There have been several recent developments relating to remote sensing of fire effects, such as hyperspectral analysis [
14,
26], linear spectral unmixing [
27], and the use of other satellite platforms [
28]. While there is promise in these new remote sensing methods that may lead to a more ecologically-linked metric for remotely sensing burn severity in the long run, these other approaches have not been shown to perform better than Landsat-based dNBR or RdNBR when validated with CBI field data (e.g., [
14,
28]). For the time being, therefore, Landsat-based severity metrics such as RBR, dNBR, and RdNBR remain relatively robust compared to these emerging approaches.

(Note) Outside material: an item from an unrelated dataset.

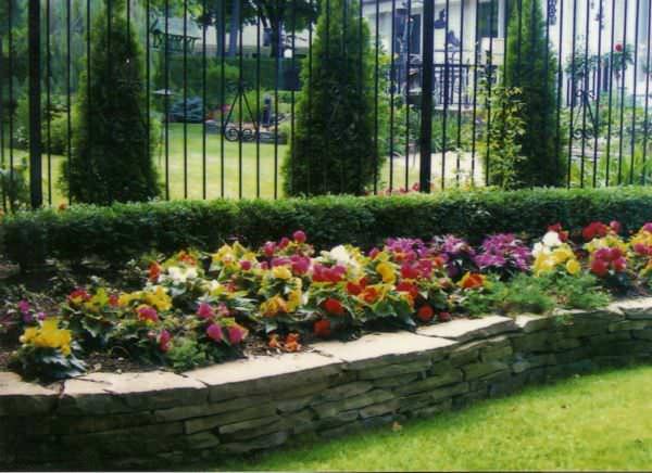 Популярним вважається звичайний бордюр з каменю для квітника. Він досить просто влаштовується, і зробити його можна дійсно за копійки. Цікаво те, що незважаючи на невисоку вартість споруди, бордюр може бути виконаний в дуже симпатичному стилі, і не тільки при цьому підкреслювати дизайн, але навіть формувати його.

It has also been noted that differences in geography, ecosystem type, and pre-fire soils can influence satellite-inferred burn severity metrics [
29–
31]. As such, some have suggested that a suite of methods will ultimately be needed to adequately quantify burn severity, with different approaches optimized for different settings [
27]. Indeed, our data indicate that all remotely-sensed burn severity metrics evaluated in this study had higher correspondence to field data in the southwestern US compared to the other geographic regions we analyzed. This said, even when we lumped all our data, the correspondence of RBR and field data was strikingly high (r
2 = 0.705 for all plots), indicating that RBR is a useful metric across the range of geography and ecosystem types covered in our study. Because we limited our study to forested areas in the western US, it is unclear if RBR is a valid burn severity metric in other geographic regions (e.g., southeastern US, Canada, and Alaska).